BEGIN DATASET RECORDS

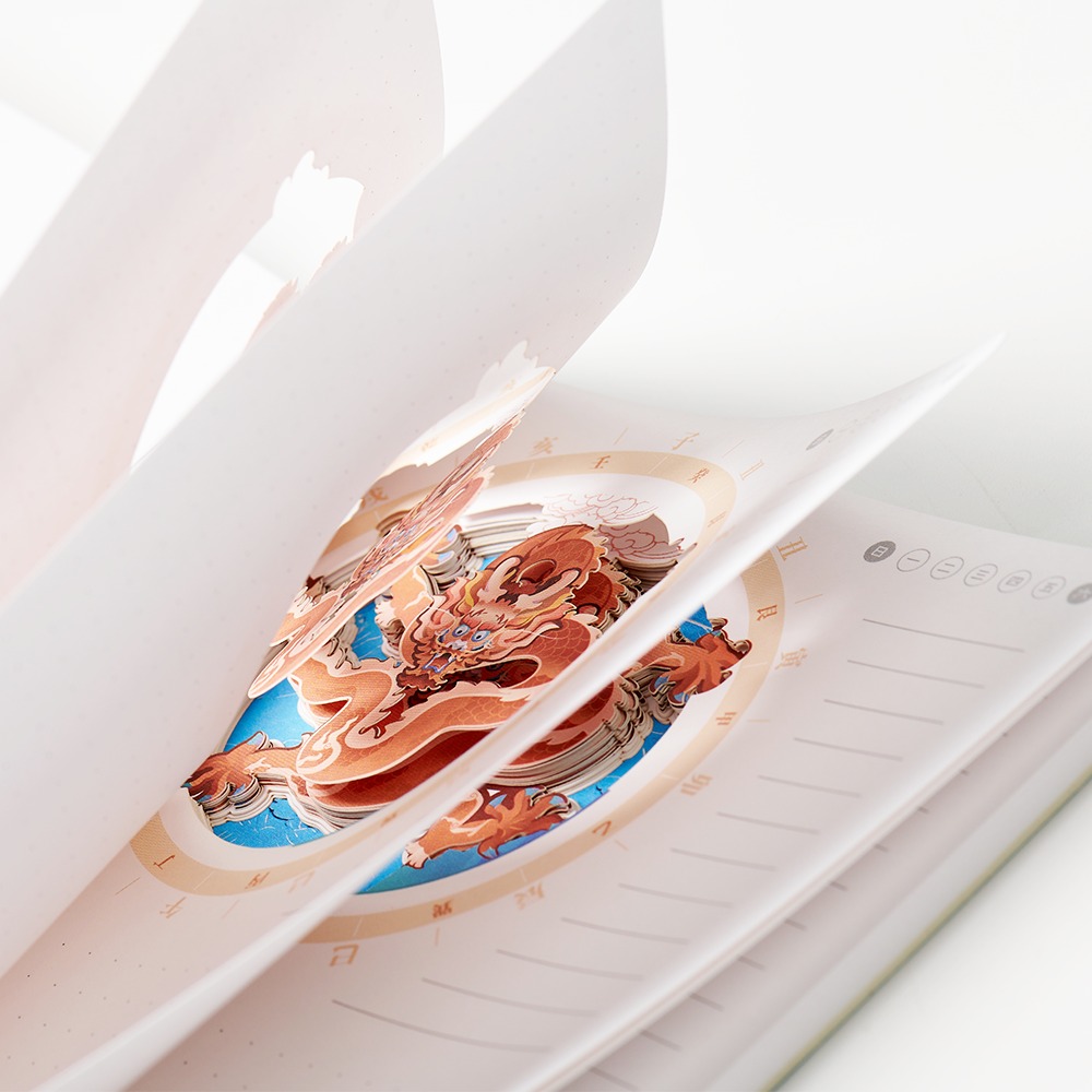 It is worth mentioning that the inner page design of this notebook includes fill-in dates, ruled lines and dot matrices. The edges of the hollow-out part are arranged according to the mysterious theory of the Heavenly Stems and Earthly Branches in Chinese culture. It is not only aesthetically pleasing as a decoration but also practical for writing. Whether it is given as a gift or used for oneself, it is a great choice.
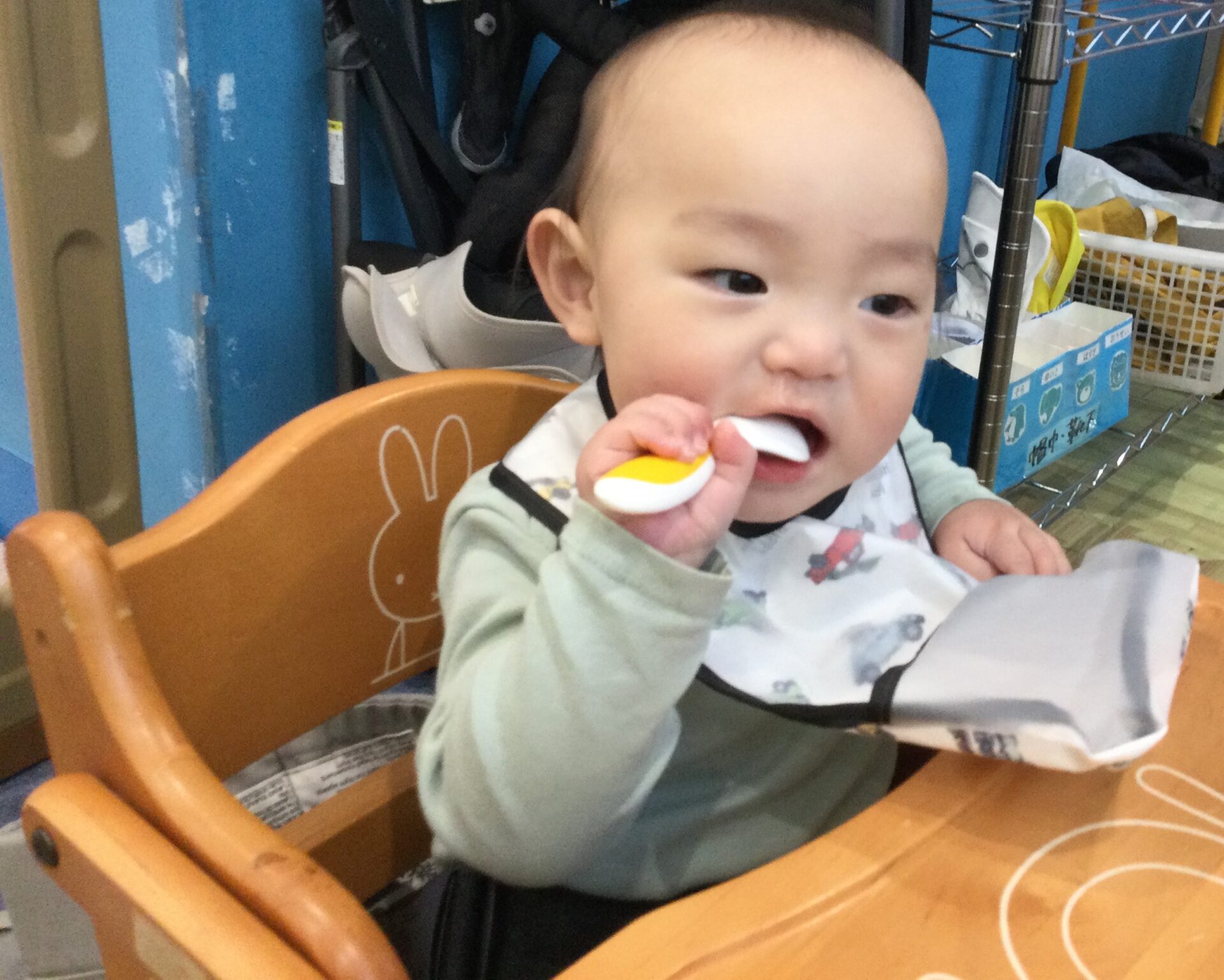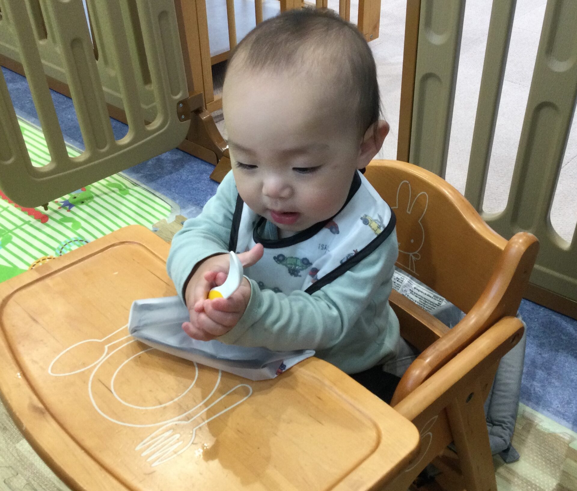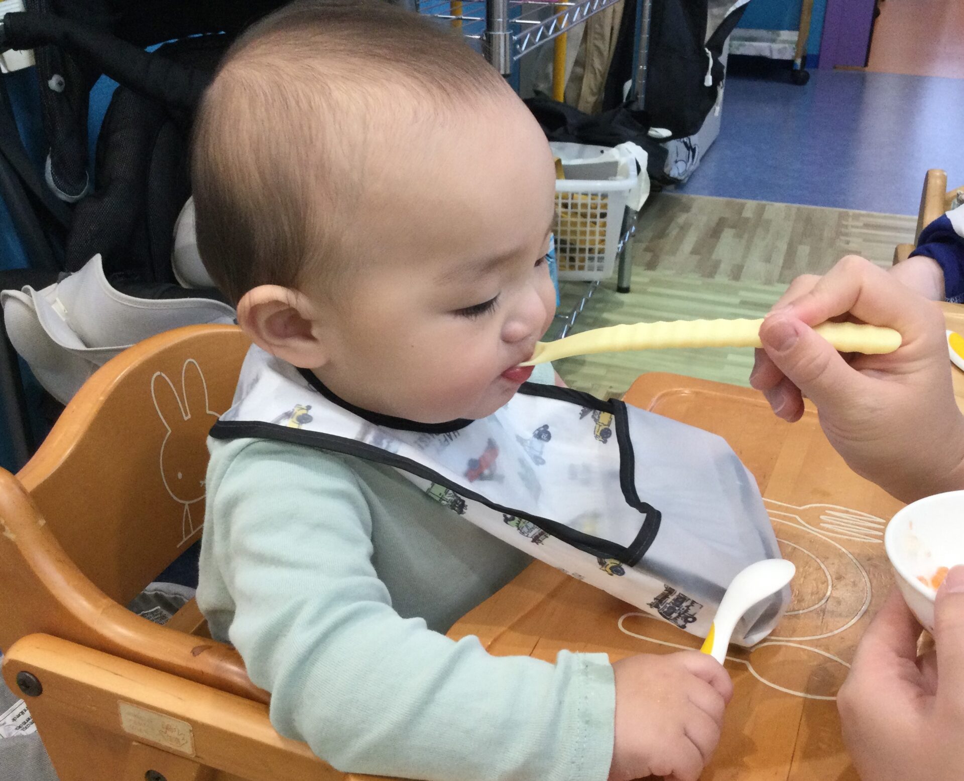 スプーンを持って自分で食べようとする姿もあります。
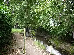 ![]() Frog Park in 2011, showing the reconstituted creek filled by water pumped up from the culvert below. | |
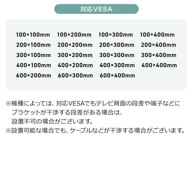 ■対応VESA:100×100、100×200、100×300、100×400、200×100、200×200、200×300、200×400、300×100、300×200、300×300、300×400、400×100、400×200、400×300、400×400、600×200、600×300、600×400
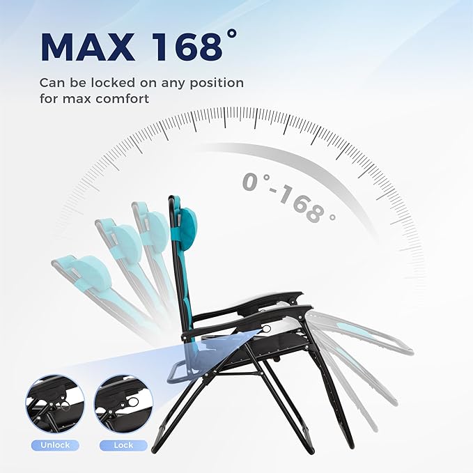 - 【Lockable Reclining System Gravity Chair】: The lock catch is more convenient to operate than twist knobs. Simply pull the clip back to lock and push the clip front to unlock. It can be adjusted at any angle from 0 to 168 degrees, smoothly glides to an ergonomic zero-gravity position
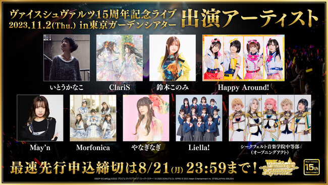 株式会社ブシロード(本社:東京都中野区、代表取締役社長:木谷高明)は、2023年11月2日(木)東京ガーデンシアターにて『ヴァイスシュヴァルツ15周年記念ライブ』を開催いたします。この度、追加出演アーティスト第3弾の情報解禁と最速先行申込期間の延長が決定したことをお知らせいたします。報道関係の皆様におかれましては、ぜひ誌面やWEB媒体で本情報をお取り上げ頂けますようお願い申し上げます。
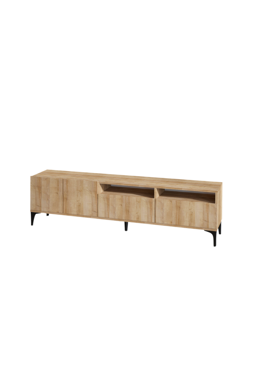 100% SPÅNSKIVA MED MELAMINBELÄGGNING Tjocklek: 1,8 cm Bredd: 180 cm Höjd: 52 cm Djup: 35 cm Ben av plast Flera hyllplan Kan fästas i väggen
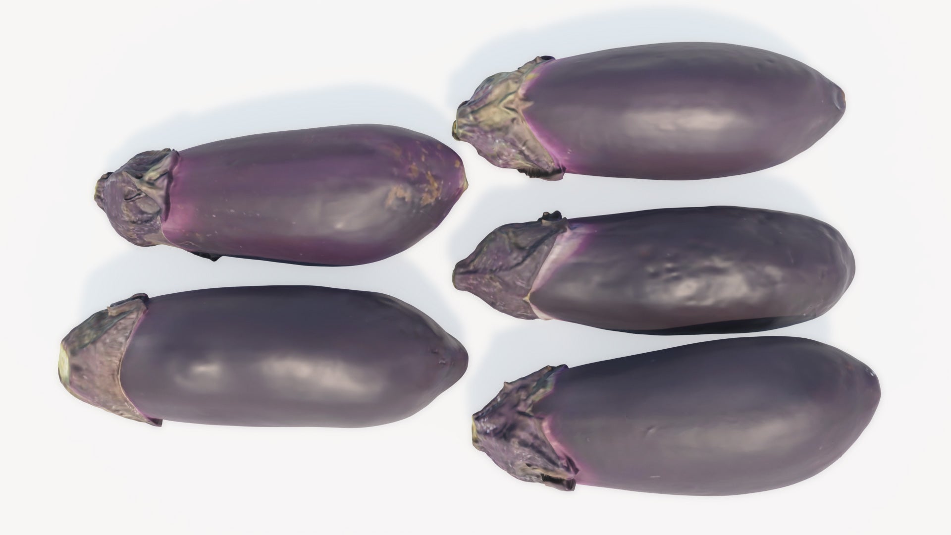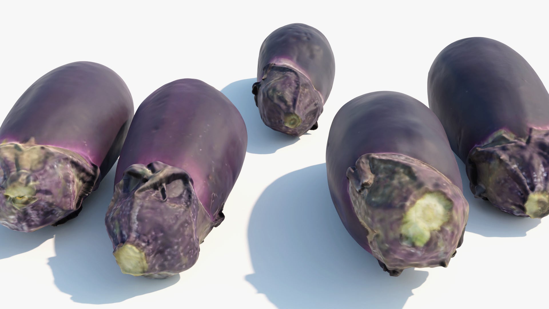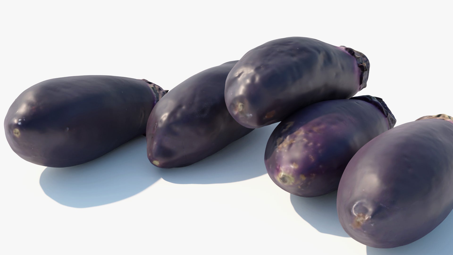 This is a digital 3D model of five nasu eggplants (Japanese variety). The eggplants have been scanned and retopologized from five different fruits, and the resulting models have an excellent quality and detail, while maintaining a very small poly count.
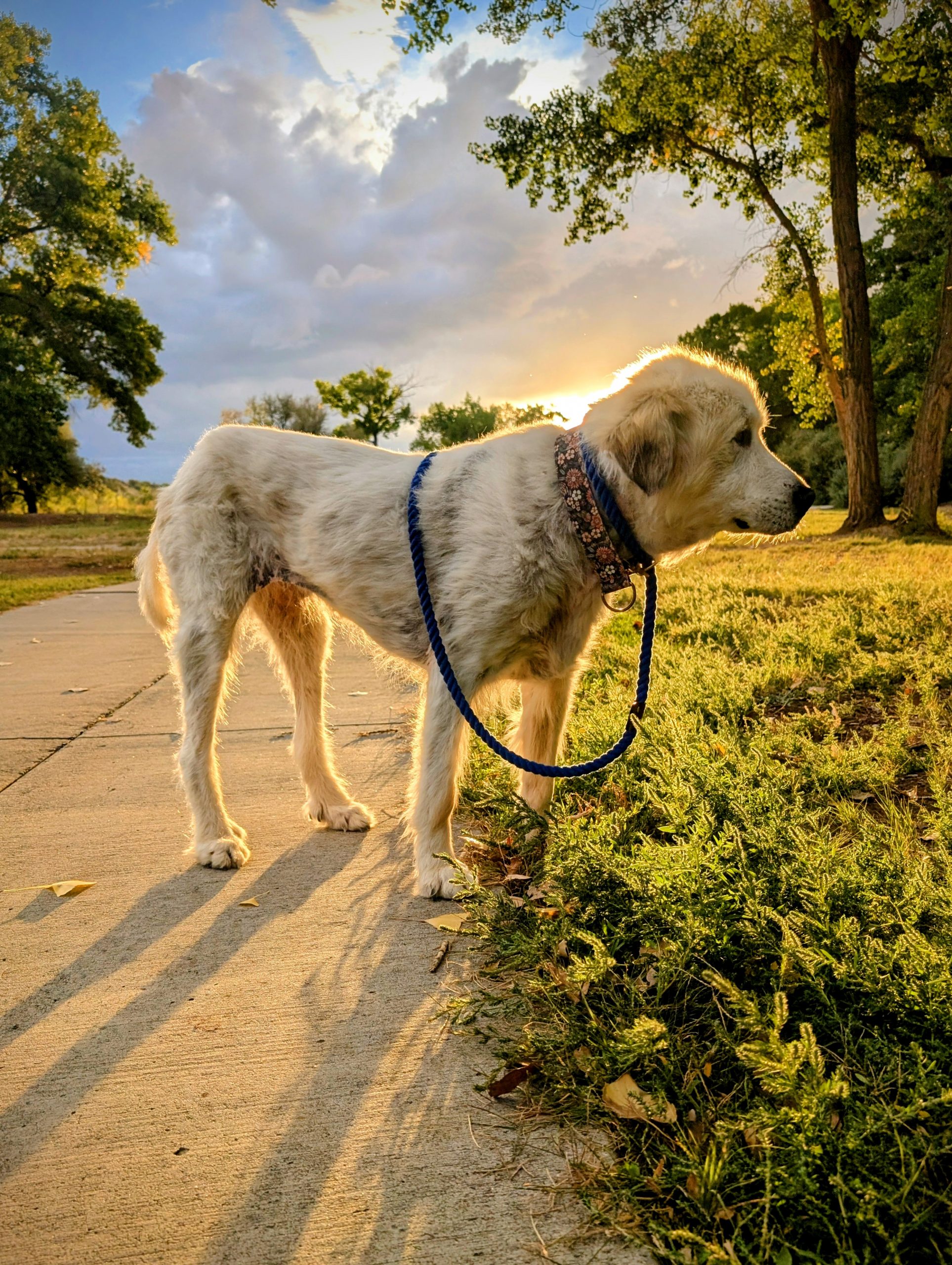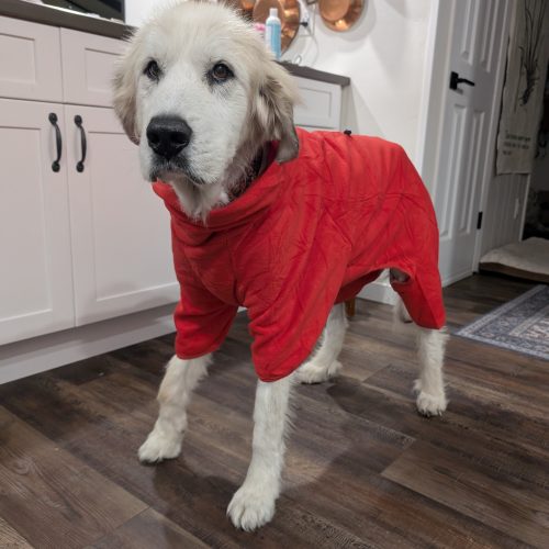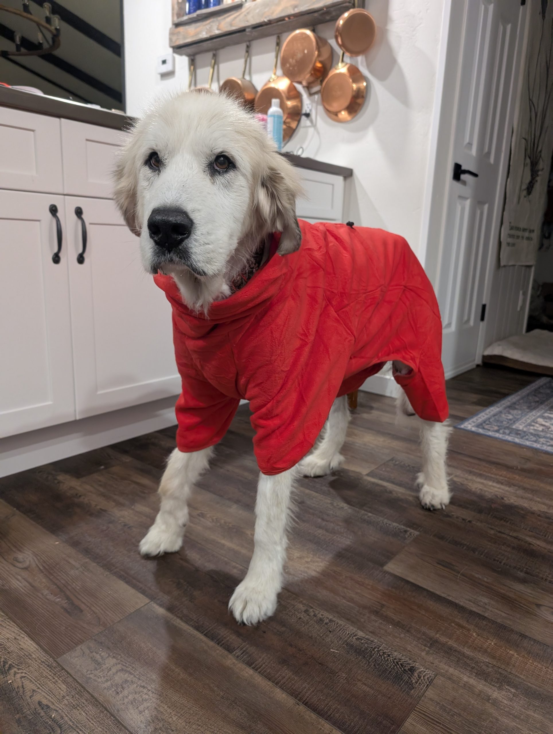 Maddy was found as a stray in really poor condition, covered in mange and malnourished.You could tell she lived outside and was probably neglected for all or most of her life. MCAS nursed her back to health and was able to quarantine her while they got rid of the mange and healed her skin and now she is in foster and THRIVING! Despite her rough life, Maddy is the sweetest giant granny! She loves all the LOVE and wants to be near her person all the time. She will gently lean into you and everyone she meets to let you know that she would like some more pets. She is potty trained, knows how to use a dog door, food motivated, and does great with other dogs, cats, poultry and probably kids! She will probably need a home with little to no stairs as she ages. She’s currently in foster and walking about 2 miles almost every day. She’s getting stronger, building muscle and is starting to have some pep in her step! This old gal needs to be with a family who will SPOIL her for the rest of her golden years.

END DATASET RECORDS

### PROBLEM REQUIREMENTS
Would you output all of the entries above exactly, keeping the pictures out?

### TASK RESULT
 It is worth mentioning that the inner page design of this notebook includes fill-in dates, ruled lines and dot matrices. The edges of the hollow-out part are arranged according to the mysterious theory of the Heavenly Stems and Earthly Branches in Chinese culture. It is not only aesthetically pleasing as a decoration but also practical for writing. Whether it is given as a gift or used for oneself, it is a great choice.
 スプーンを持って自分で食べようとする姿もあります。
 ![]() Frog Park in 2011, showing the reconstituted creek filled by water pumped up from the culvert below. | |
 ■対応VESA:100×100、100×200、100×300、100×400、200×100、200×200、200×300、200×400、300×100、300×200、300×300、300×400、400×100、400×200、400×300、400×400、600×200、600×300、600×400
 - 【Lockable Reclining System Gravity Chair】: The lock catch is more convenient to operate than twist knobs. Simply pull the clip back to lock and push the clip front to unlock. It can be adjusted at any angle from 0 to 168 degrees, smoothly glides to an ergonomic zero-gravity position
 株式会社ブシロード(本社:東京都中野区、代表取締役社長:木谷高明)は、2023年11月2日(木)東京ガーデンシアターにて『ヴァイスシュヴァルツ15周年記念ライブ』を開催いたします。この度、追加出演アーティスト第3弾の情報解禁と最速先行申込期間の延長が決定したことをお知らせいたします。報道関係の皆様におかれましては、ぜひ誌面やWEB媒体で本情報をお取り上げ頂けますようお願い申し上げます。
 100% SPÅNSKIVA MED MELAMINBELÄGGNING Tjocklek: 1,8 cm Bredd: 180 cm Höjd: 52 cm Djup: 35 cm Ben av plast Flera hyllplan Kan fästas i väggen
 This is a digital 3D model of five nasu eggplants (Japanese variety). The eggplants have been scanned and retopologized from five different fruits, and the resulting models have an excellent quality and detail, while maintaining a very small poly count.
 Maddy was found as a stray in really poor condition, covered in mange and malnourished.You could tell she lived outside and was probably neglected for all or most of her life. MCAS nursed her back to health and was able to quarantine her while they got rid of the mange and healed her skin and now she is in foster and THRIVING! Despite her rough life, Maddy is the sweetest giant granny! She loves all the LOVE and wants to be near her person all the time. She will gently lean into you and everyone she meets to let you know that she would like some more pets. She is potty trained, knows how to use a dog door, food motivated, and does great with other dogs, cats, poultry and probably kids! She will probably need a home with little to no stairs as she ages. She’s currently in foster and walking about 2 miles almost every day. She’s getting stronger, building muscle and is starting to have some pep in her step! This old gal needs to be with a family who will SPOIL her for the rest of her golden years.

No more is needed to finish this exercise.